Extracted records:
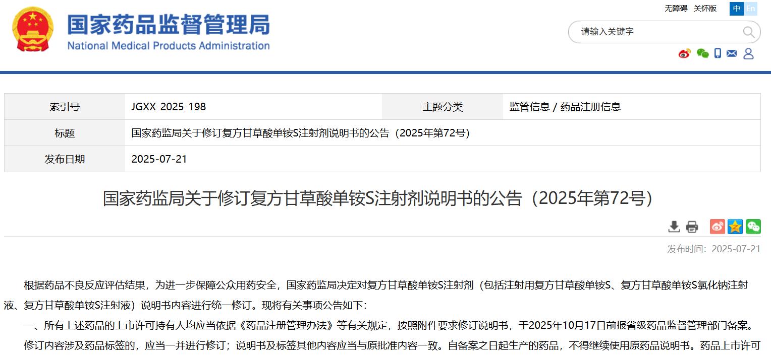 國(guó)家藥監(jiān)局關(guān)于修訂復(fù)方甘草酸單銨S注射劑說(shuō)明書(shū)的公告(2025年第72號(hào))
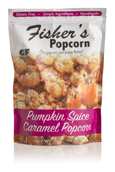 Fisher's Popcorn of Delaware Large Pouch Pumpkin Spice Caramel Popcorn - 10 OZ 12 Pack
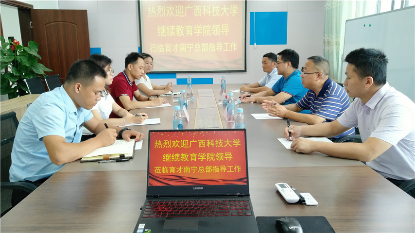 7月31日,廣西科技大學(xué)繼續(xù)教育學(xué)院院長(zhǎng)韋鴻鵬、副院長(zhǎng)楊勝、學(xué)歷教育科科長(zhǎng)吳衛(wèi)龍一行4人蒞臨集團(tuán)南寧總部指導(dǎo)工作,集團(tuán)聯(lián)合黨委副書記、副校長(zhǎng)王志男、南寧運(yùn)營(yíng)中心副總監(jiān)劉婉麗陪同。
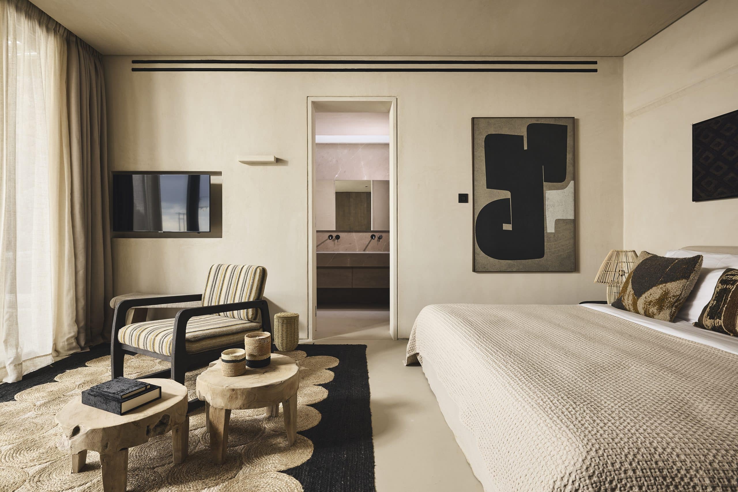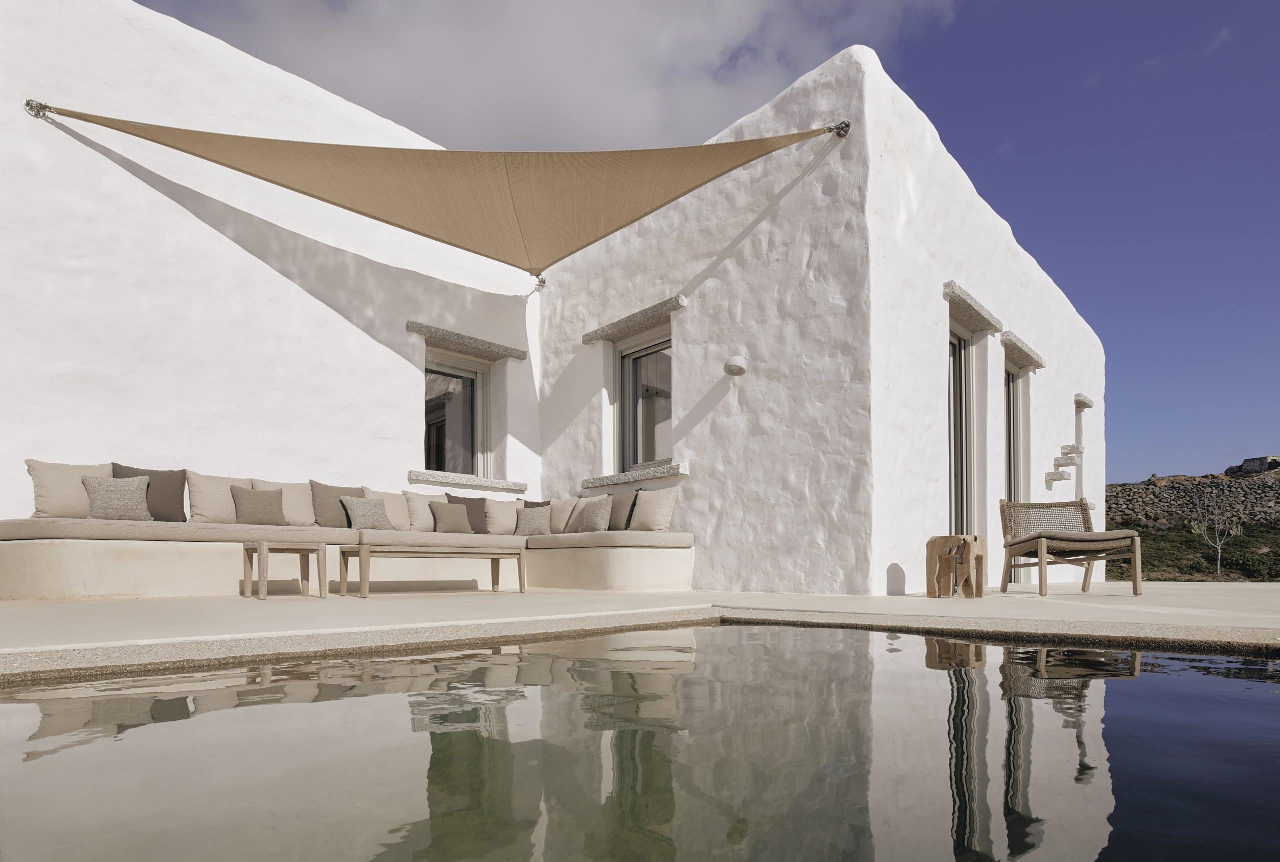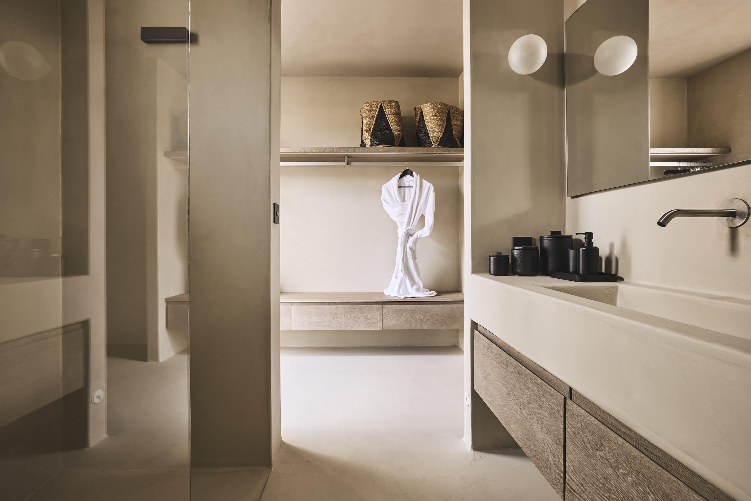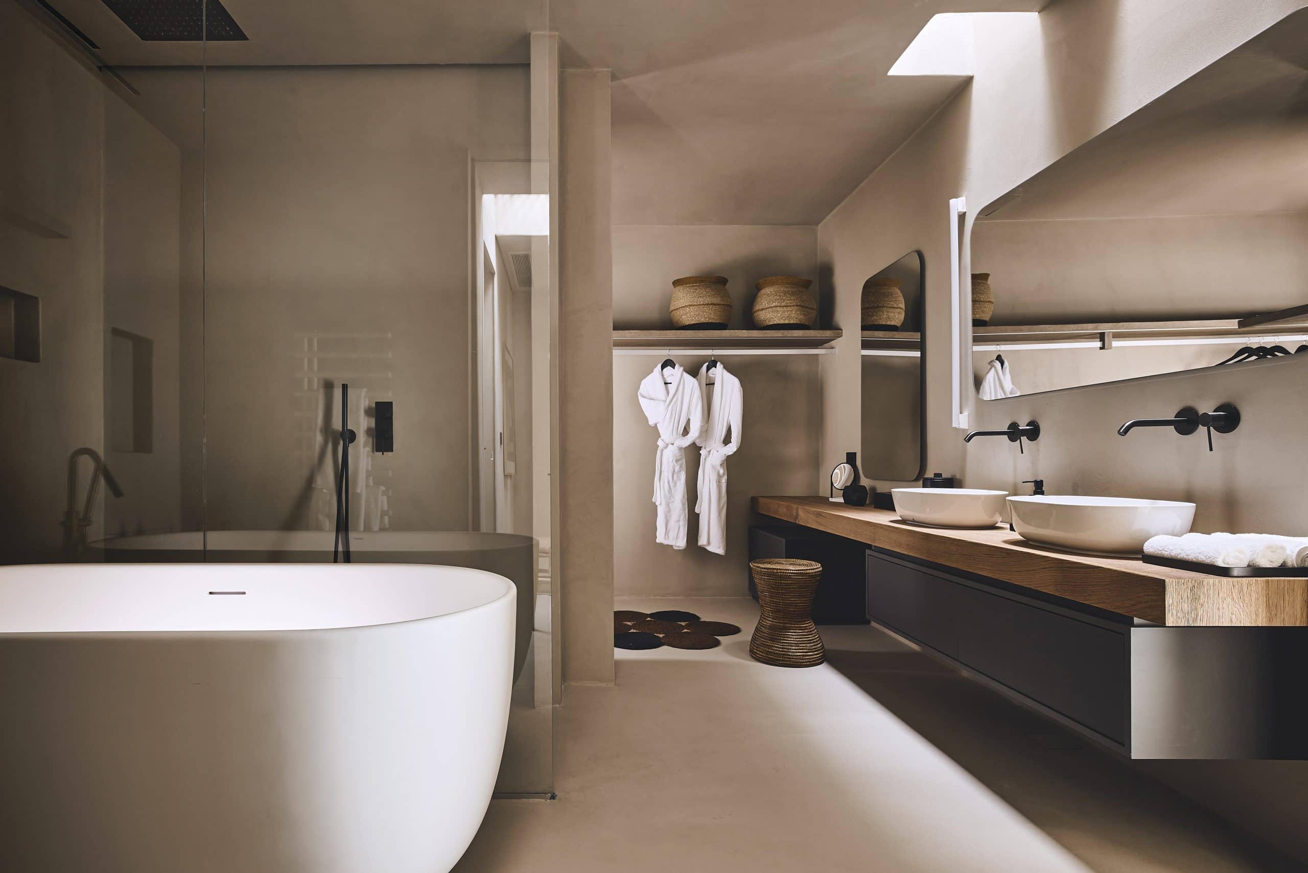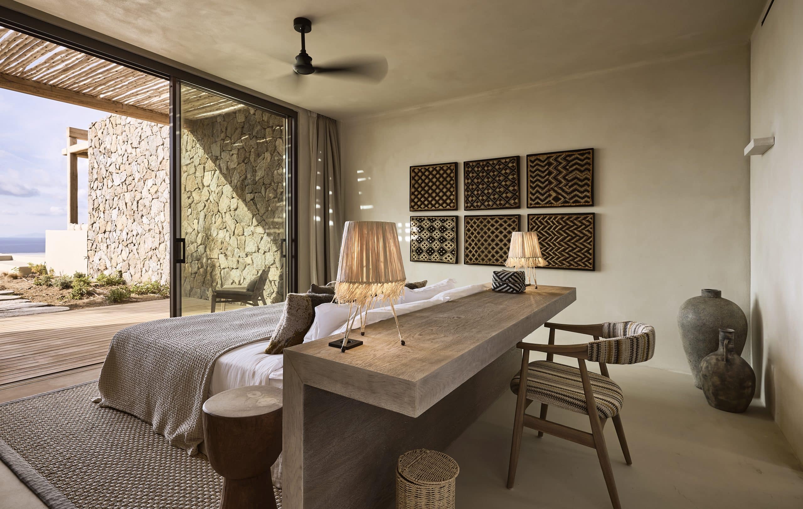 The villa includes seven beautifully appointed bedrooms, among them two master suites with private lounges and two independent guest apartments, each featuring its own private infinity mini pool, that is ideal for guests seeking added privacy. The outdoor areas are truly spectacular, centered around a 26-meter infinity pool (heatable upon request) overlooking the sea and horizon. Beside the pool, guests can enjoy an open bar and lounge area, complete with a convenient outdoor shower. A fully equipped BBQ area provides the perfect setting for outdoor dining and entertaining.
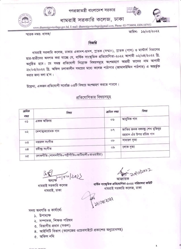 Notice Title : বার্ষিক সাংস্কৃতিক প্রতিযোগীতা-২০২২ এ শিক্ষার্থীদের নাম অনুর্ভুক্তি প্রসঙ্গে
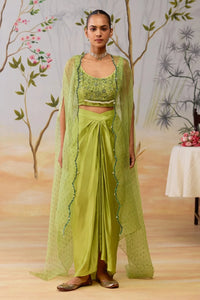 Featuring the Aurika Cape Set in elegant green silk organza, this ensemble showcases intricate block printing and hand embroidery on a flowing cape, paired with a delicately thread and hand-embroidered blouse, and styled effortlessly with a draped satin skirt—an exquisite blend of traditional craftsmanship and modern silhouette.

— INSTRUCTIONS TO FOLLOW —
With the pictures omitted, set down each line exactly, starting at the first line of the records above and ending with the line that contains "7月31日,廣西科技大學(x".

— RESPONSE BOX —
 國(guó)家藥監(jiān)局關(guān)于修訂復(fù)方甘草酸單銨S注射劑說(shuō)明書(shū)的公告(2025年第72號(hào))
 Fisher's Popcorn of Delaware Large Pouch Pumpkin Spice Caramel Popcorn - 10 OZ 12 Pack
 7月31日,廣西科技大學(xué)繼續(xù)教育學(xué)院院長(zhǎng)韋鴻鵬、副院長(zhǎng)楊勝、學(xué)歷教育科科長(zhǎng)吳衛(wèi)龍一行4人蒞臨集團(tuán)南寧總部指導(dǎo)工作,集團(tuán)聯(lián)合黨委副書記、副校長(zhǎng)王志男、南寧運(yùn)營(yíng)中心副總監(jiān)劉婉麗陪同。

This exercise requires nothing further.